The real treat and surprise and “a-ha” moments for me were experienced in my writing classes: “Telling Stories, Experiencing Life;” “Poetry,” and the very last class I took, “Faith and Doubt in Literature.”  In the first I experienced, in the telling of some parts of my own story, that silence at the end when one senses “something special just happened in this group in the hearing of my words.”  In the second it was the instructor’s written evaluation of one of my poems, encouraging me to continue writing: “Read, read, read….write, write, write!” and the final stamp of affirmation came upon submitting my final paper for “Faith and Doubt” and having the instructor invite me to enter it in the end-of-the-year literature and language writing awards, for which I won “Belmont University Literature and Language Outstanding Writing Award!”

I really was on a writing high and a writing roll, and had I been independently wealthy – to afford to quit work and write – or just disciplined enough to buckle down and write, I might have finished a book (or several) by now.  Instead, I dabbled in it, continued writing free-write pages and a journal, hoping some day to write something for real.

Some time along this journey, after graduating from Belmont with my Bachelor of Science, I was mowing grass and in the rhythm of back and forth pacing one does behind a push mower, I started writing (in my head) a letter to my dad’s father, Johnny, who had died before I was born, so he was the grandfather that I never knew.  I was telling him what a great person my dad was and what a wonderful family he had nurtured.  I was telling Johnny this because my dad had polio when he was 7 years old, so in his day he would have been known as a “crippled” boy.  I wished Johnny could have witnessed the mark his son had left on the world.  In that thinking, about my dad being a “special needs” child in his day, and that my own son, Matt, with his Down syndrome, was a special needs child, I realized that even though I had never met my grandfather, I might actually know him even better than some of his own family because of our shared experience. It was there that the seeds for my first book were sewn.

In spring of 2003 I actually went on sabbatical from my insurance job – knowing I would never go back – and I used as a reason that I was writing a book.  And I really was.  But I really was just looking for a way to get out of the insurance business mostly and I worked on the book from time to time, but I also worked on my sailing pretty thoroughly that year.  When the year was up I was compelled to apply for a position on the staff of my home congregation as Director of Christian Education and Family Life.  And that is what I did until January of 2011, when I was ordained as a Lutheran pastor, and installed as full-time pastor of Faith Lutheran church in Lebanon, TN.

Now there is a whole lot of story in the seven years between the bookends offered above between 2003 and 2011.  But there are really only two occurrences that will allow me to conclude this blog entry that I need to share at this time.
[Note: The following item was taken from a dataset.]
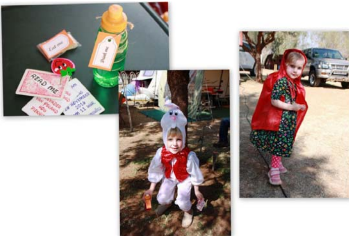
Rooikappie en hasie het vir die kindertjies uitnodigings uit gedeel na hul Alice in Wonderland Kersparty in November

In September of 2006 my dear mother, who clips any newspaper article that has even the slightest possibility of interest on the part of one of her four children, gave me an article out of The Nashville Tennesseean about the declining birth rates in children with Down syndrome, the condition of my son, Matt.  The conclusion was that since the advent of prenatal testing less Downs (and other birth defected children) were being born because parents were choosing to terminate those pregnancies.

Knowing how challenging raising a special needs child can be – particularly when their issues are more severe than my own child’s – I understand why parents are afraid to wade into that deep pool.  But I felt strongly compelled to write a letter to the editor to just share how our life had been with our own special needs child.  After submitting the letter via email I received a reply from the editor that they wanted to run my piece as an Op Ed if I would give them permission.  So the next week I had my essay and an author-looking photograph run in the Sunday paper.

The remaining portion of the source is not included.